What is required –
Would you repeat each line below exactly, without the pictures?

Exercise inputs –
::::::::
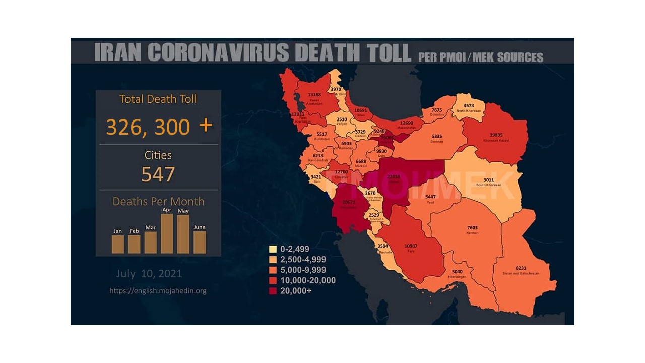 L’Organisation des Moudjahidine du peuple d’Iran (OMPI/MEK) a annoncé le 10 juillet 2021 que le nombre de décès dus au coronavirus dans 547 villes iranienne est de plus de 326.300.
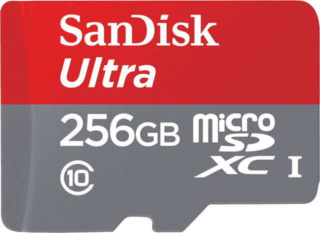สำหรับการ์ดความจำ SanDisk Ultra microSDXC UHS-I ความจุขนาด 256 GB รุ่นพรีเมี่ยม เหมาะสำหรับผู้ใช้งานสมาร์ทโฟนและแทบเล็ตในระบบปฏิบัติการแอนดรอยด์ที่ไม่ต้องการเป็นกังวลกับพื้นที่การจัดเก็บข้อมูล โดยการ์ดความจำรุ่นใหม่นี้สามารถเก็บไฟล์วิดีโอแบบ HD1 ความยาวกว่า 24 ชั่วโมง ได้อย่างสบายๆ และมีความเร็วในการถ่ายโอนข้อมูลสูงสุดถึง 95 MB ต่อวินาที ซึ่งด้วยความเร็วระดับนี้ผู้ใช้งานสามารถถ่ายโอนข้อมูลได้สูงถึง 1,200 รูปภายในเวลาเพียง 1 นาที
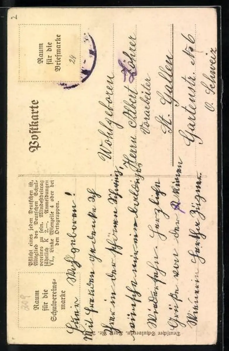 alte Ansichtskarte, gelaufen, Briefmarke entfernt, guter Zustand
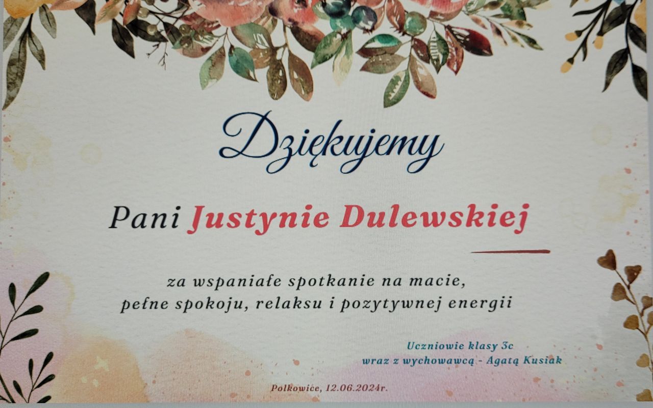 12 czerwca trzecioklasiści uczestniczyli w zajęciach jogi, przeprowadzonych przez, zaproszoną na tę okazję, nauczycielkę jogi – Panią Justynę Dulewską z Good Day Yoga Polkowice. Zajęcia polegały na wykonywaniu ćwiczeń rozciągających i rozluźniających oraz doskonalących uważność. Przebiegały przy spokojnej muzyce, były pełne spokoju, relaksu i pozytywnej energii. Uczniowie mieli doskonałą okazję, aby się wyciszyć i w pełni skoncentrować. Serdecznie dziękujemy Pani Justynie za przyjęcie zaproszenia i przeprowadzenie wspaniałych, wręcz magicznych zajęć.
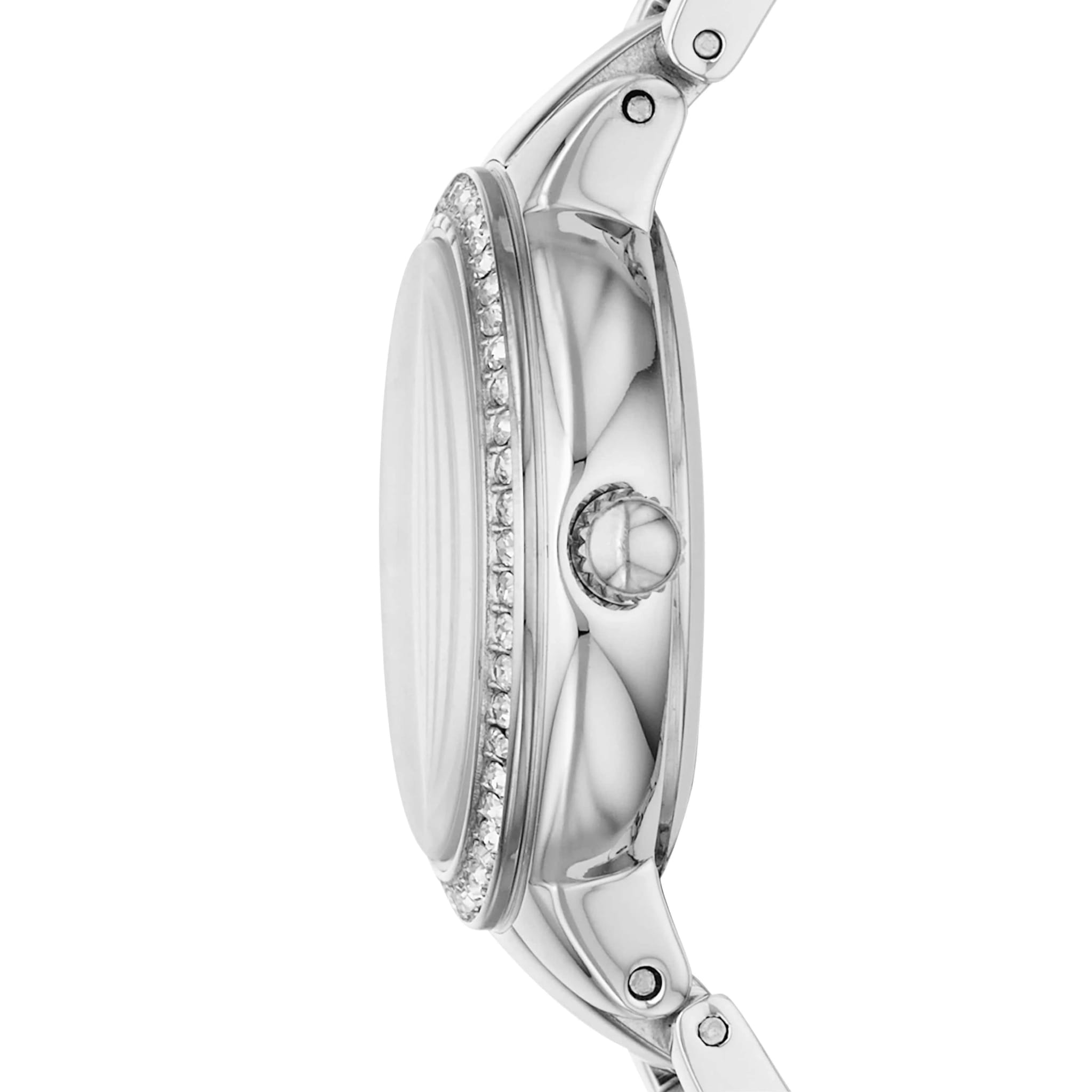 Американские женские наручные часы Fossil Georgia ES3504, кварцевый механизм с высокой точностью. Класс водозащиты: 50 метров, позволит защитить корпус от случайных брызг или капель дождя. Корпус часов изготовлен из нержавеющей стали 316L. Браслет часов сделан из нержавеющей стали и украшен кристаллами.
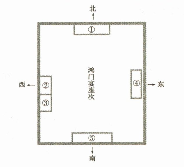 (1) 填写“鸿门宴”人物座次图,并说明尊卑方位。
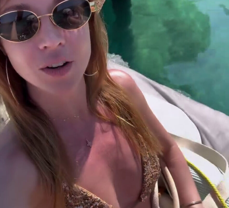 43-летняя Наталья Подольская была запечатлена в золотом лифе бикини в пайетках, который дополнила мини-юбкой в тон, соломенной шляпой, солнцезащитными очками, серьгами и сумкой. Поп-исполнительница позировала с распущенными волосами и макияжем в естественном стиле. Знаменитость сидела в лодке с подругами.
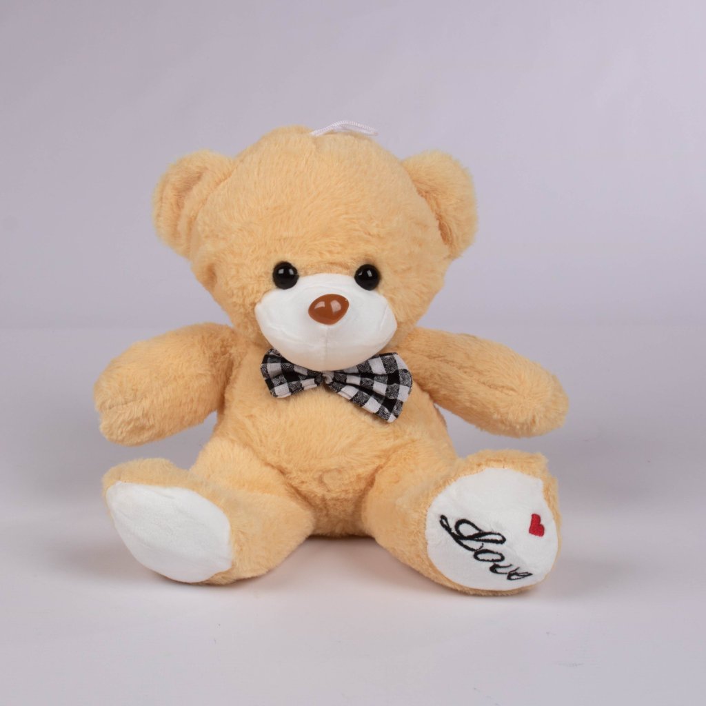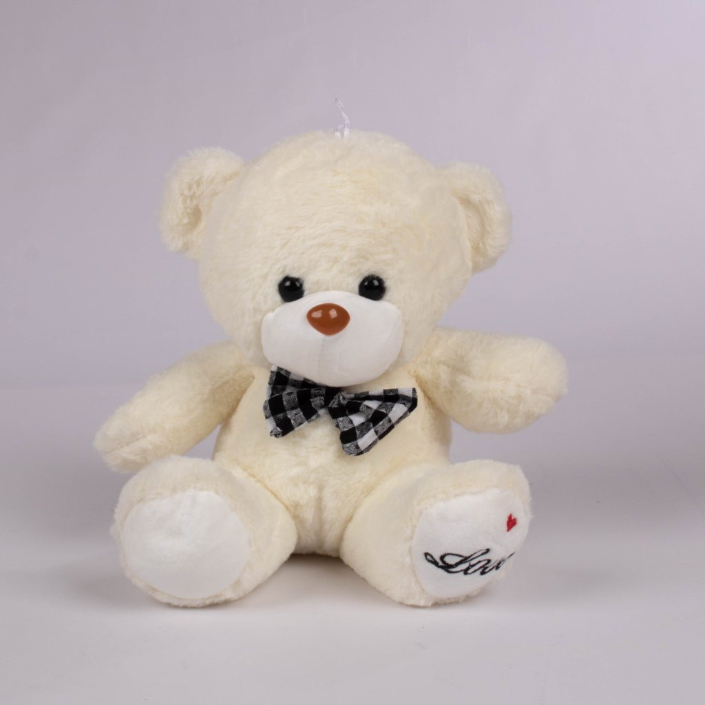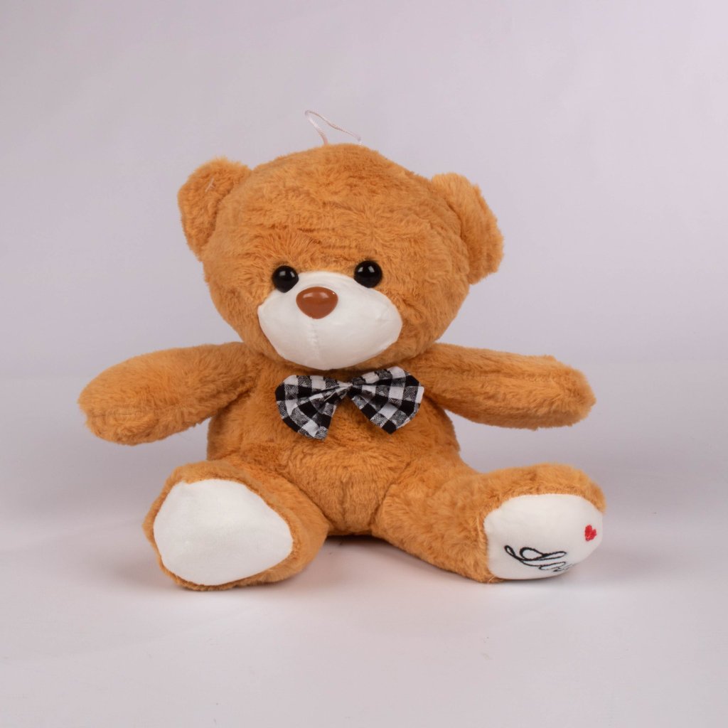 Peluche de oso de 23 cm con diseño clásico y tierno, elaborado en felpa suave de alta calidad. Presenta un moño estampado en cuadros que aporta un toque elegante y adorable. Su tamaño compacto lo convierte en un detalle perfecto para regalos especiales, decoración de habitaciones o como compañía suave y acogedora. Disponible en colores beige, blanco y café.
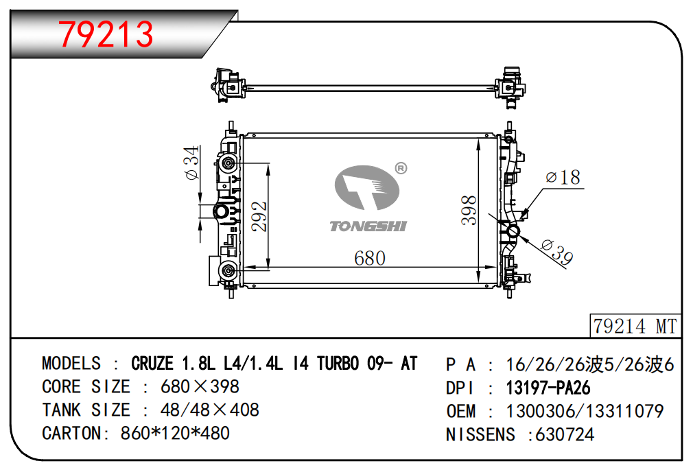 適用于奇瑞瑞虎(新款) MT散熱器 OEM : F1301000B1
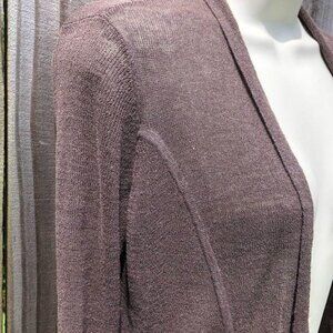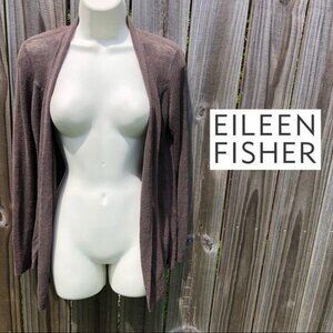 Brown knit cardigan from Eileen Fisher. Features full length sleeves, and open front. Size PP/PTP, equivalent to a 2/4P, or XSP. 75% linen, 25% nylon. Hand was cold. Excellent condition.
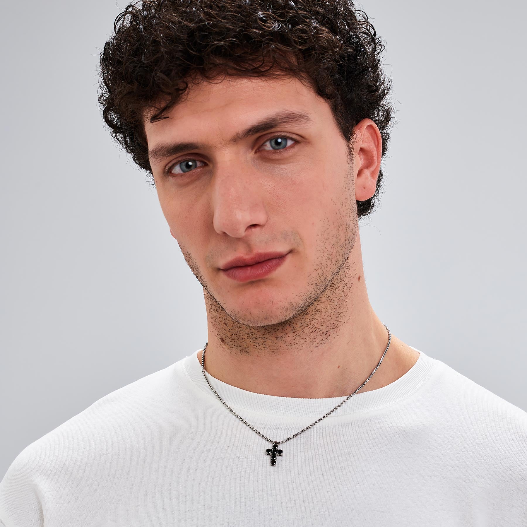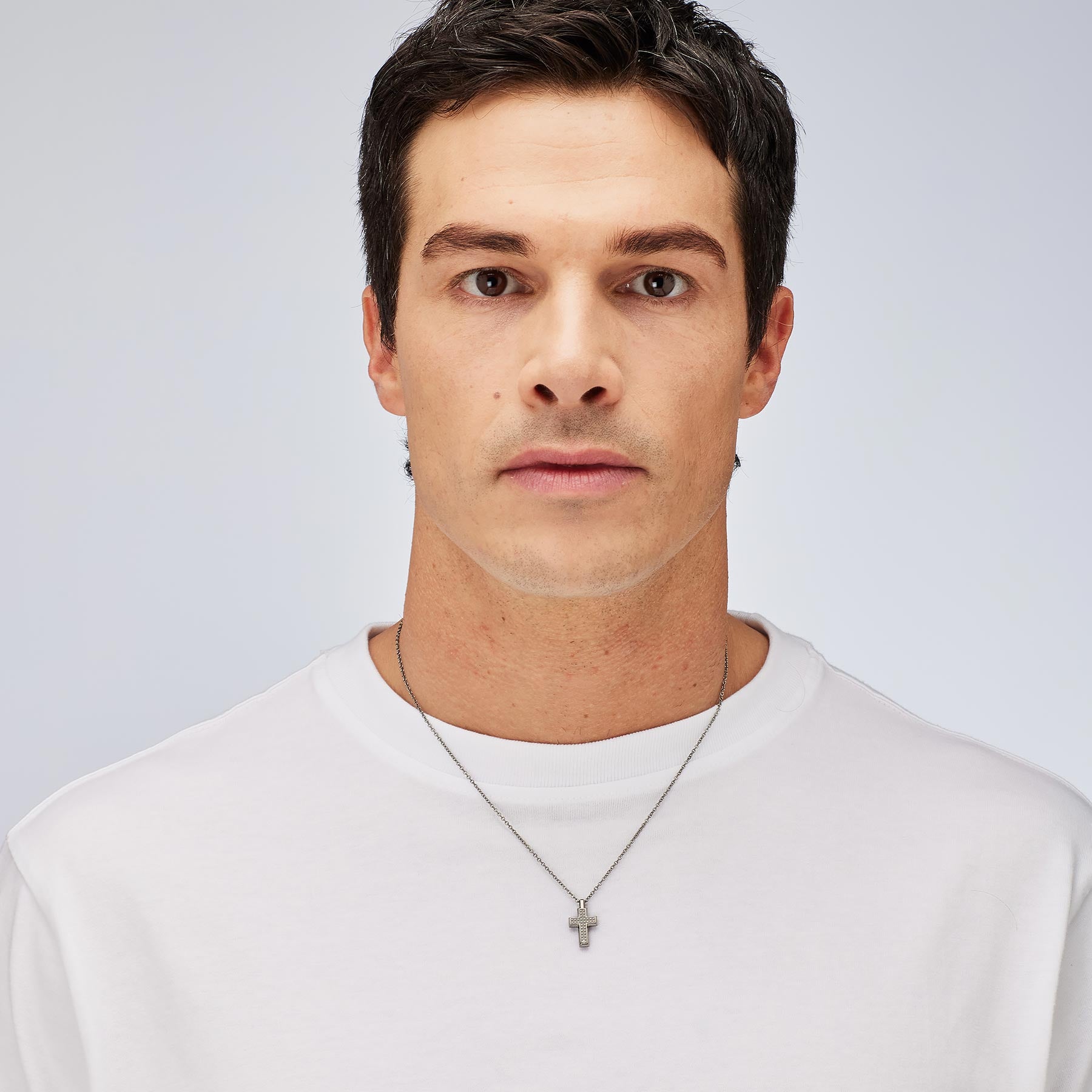 Long chain necklace in polished and sandblasted 316L steel, with a cross-shaped charm.|BUL55
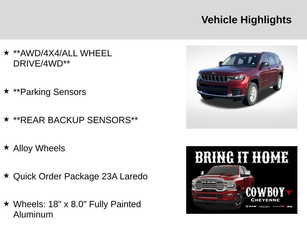 Discover the exceptional 2023 Jeep Grand Cherokee L Laredo, a versatile and capable SUV that combines rugged performance with refined style. This stunning Red beauty boasts a powerful 3.6L V6 24V VVT engine paired with an 8-Speed Automatic transmission and 4WD, delivering an impressive 18 city and 25 highway MPG.
::::::::
Your solution –
 L’Organisation des Moudjahidine du peuple d’Iran (OMPI/MEK) a annoncé le 10 juillet 2021 que le nombre de décès dus au coronavirus dans 547 villes iranienne est de plus de 326.300.
สำหรับการ์ดความจำ SanDisk Ultra microSDXC UHS-I ความจุขนาด 256 GB รุ่นพรีเมี่ยม เหมาะสำหรับผู้ใช้งานสมาร์ทโฟนและแทบเล็ตในระบบปฏิบัติการแอนดรอยด์ที่ไม่ต้องการเป็นกังวลกับพื้นที่การจัดเก็บข้อมูล โดยการ์ดความจำรุ่นใหม่นี้สามารถเก็บไฟล์วิดีโอแบบ HD1 ความยาวกว่า 24 ชั่วโมง ได้อย่างสบายๆ และมีความเร็วในการถ่ายโอนข้อมูลสูงสุดถึง 95 MB ต่อวินาที ซึ่งด้วยความเร็วระดับนี้ผู้ใช้งานสามารถถ่ายโอนข้อมูลได้สูงถึง 1,200 รูปภายในเวลาเพียง 1 นาที
 alte Ansichtskarte, gelaufen, Briefmarke entfernt, guter Zustand
 12 czerwca trzecioklasiści uczestniczyli w zajęciach jogi, przeprowadzonych przez, zaproszoną na tę okazję, nauczycielkę jogi – Panią Justynę Dulewską z Good Day Yoga Polkowice. Zajęcia polegały na wykonywaniu ćwiczeń rozciągających i rozluźniających oraz doskonalących uważność. Przebiegały przy spokojnej muzyce, były pełne spokoju, relaksu i pozytywnej energii. Uczniowie mieli doskonałą okazję, aby się wyciszyć i w pełni skoncentrować. Serdecznie dziękujemy Pani Justynie za przyjęcie zaproszenia i przeprowadzenie wspaniałych, wręcz magicznych zajęć.
 Американские женские наручные часы Fossil Georgia ES3504, кварцевый механизм с высокой точностью. Класс водозащиты: 50 метров, позволит защитить корпус от случайных брызг или капель дождя. Корпус часов изготовлен из нержавеющей стали 316L. Браслет часов сделан из нержавеющей стали и украшен кристаллами.
 (1) 填写“鸿门宴”人物座次图,并说明尊卑方位。
 43-летняя Наталья Подольская была запечатлена в золотом лифе бикини в пайетках, который дополнила мини-юбкой в тон, соломенной шляпой, солнцезащитными очками, серьгами и сумкой. Поп-исполнительница позировала с распущенными волосами и макияжем в естественном стиле. Знаменитость сидела в лодке с подругами.
 Peluche de oso de 23 cm con diseño clásico y tierno, elaborado en felpa suave de alta calidad. Presenta un moño estampado en cuadros que aporta un toque elegante y adorable. Su tamaño compacto lo convierte en un detalle perfecto para regalos especiales, decoración de habitaciones o como compañía suave y acogedora. Disponible en colores beige, blanco y café.
 適用于奇瑞瑞虎(新款) MT散熱器 OEM : F1301000B1
 Brown knit cardigan from Eileen Fisher. Features full length sleeves, and open front. Size PP/PTP, equivalent to a 2/4P, or XSP. 75% linen, 25% nylon. Hand was cold. Excellent condition.
 Long chain necklace in polished and sandblasted 316L steel, with a cross-shaped charm.|BUL55
 Discover the exceptional 2023 Jeep Grand Cherokee L Laredo, a versatile and capable SUV that combines rugged performance with refined style. This stunning Red beauty boasts a powerful 3.6L V6 24V VVT engine paired with an 8-Speed Automatic transmission and 4WD, delivering an impressive 18 city and 25 highway MPG.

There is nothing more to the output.